### INSTRUCTIONS TO FOLLOW
What is needed is an exact reproduction of the lines in the records below, starting at the line with "The AFTON Minotaur" and ending at the line with "One Lot of (3)", both included, and nothing else; pictures stay out.

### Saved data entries
* * * * * * *

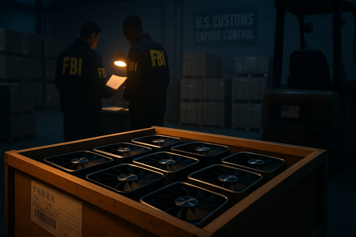 Les détails de l’affidavit se lisent comme un roman d’espionnage : une palette mal étiquetée interceptée par les douanes de Long Beach en décembre, un numéro de série renvoyant à la base de données des partenaires de NVIDIA, et une surveillance nocturne d’un fourgon de livraison. Lors de l’exécution d’un mandat de perquisition, les agents ont découvert des plateaux anti-statiques vides correspondant à environ mille GPU haut de gamme, d’une offre de 25 millions d’euros.
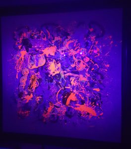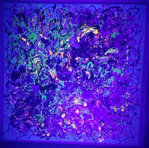 Todas las obras tienen una doble visión, ya que con luz natural presentan un aspecto y con luz ultravioleta se ven otros tonos que subyacen dentro de la obra. La técnica es acrílico con flúor con muchas texturas y materia, por eso dentro de la obra aparecen nuevas composiciones y nuevos colores al iluminar con luz ultravioleta.
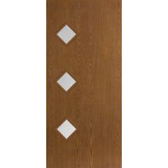 Belleville Oak Textured 3 Diamond Lite Center Door with Pearl Glass
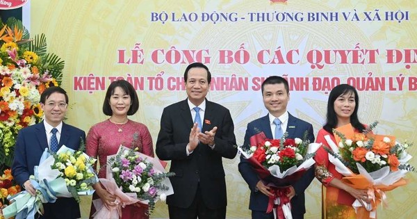Bộ trưởng Đào Ngọc Dung, các Thứ trưởng Bộ LĐ-TB-XH, Thứ trưởng Bộ Thông tin và Truyền thông Nguyễn Thanh Lâm, Vụ trưởng Vụ Báo chí – Xuất bản (Ban Tuyên giáo Trung ương) Tống Văn Thanh, tặng hoa chúc mừng lãnh đạo báo Dân trí sau kiện toàn, tổ chức lại
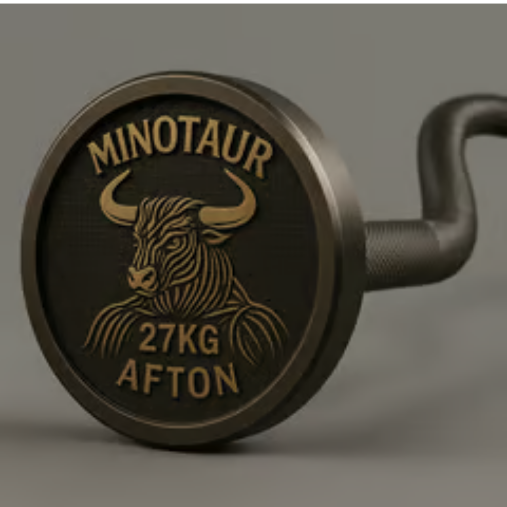 The AFTON Minotaur is a 27KG cambered squat bar engineered to throw you off balance — on purpose. Its unique lower-loading design challenges stability, fires up posterior chains, and improves positioning in your squat, bench, or good mornings.
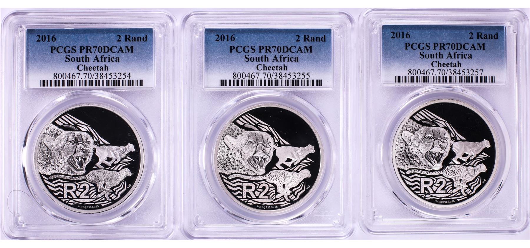 One Lot of (3) 2016 Proof South Africa 2 Rand Cheetah Silver Coins PCGS PR70DCAM. PCGS Graded.
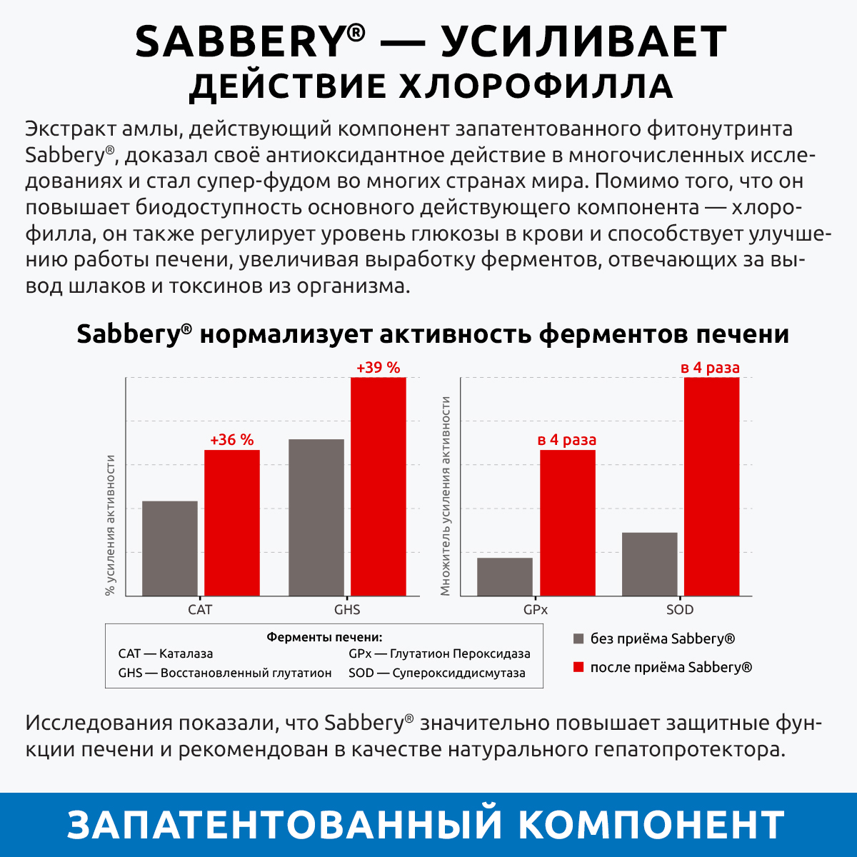Экстракт амлы, действующий компонент запатентованного фитонутриента Sabbery, доказал своё антиоксидантное действие в многочисленных исследованиях и стал супер-фудом во многих странах мира.Помимо того, что он повышает биодоступность основного действующего компонента — хлорофилла, он также регулирует уровень глюкозы в крови и способствует улучшению работы печени, увеличивая выработку ферментов, отвечающих за вывод шлаков и токсинов из организма, поддерживает здоровую микрофлору кишечника.

* * * * * * *

### PROBLEM SOLUTION
 The AFTON Minotaur is a 27KG cambered squat bar engineered to throw you off balance — on purpose. Its unique lower-loading design challenges stability, fires up posterior chains, and improves positioning in your squat, bench, or good mornings.
 One Lot of (3) 2016 Proof South Africa 2 Rand Cheetah Silver Coins PCGS PR70DCAM. PCGS Graded.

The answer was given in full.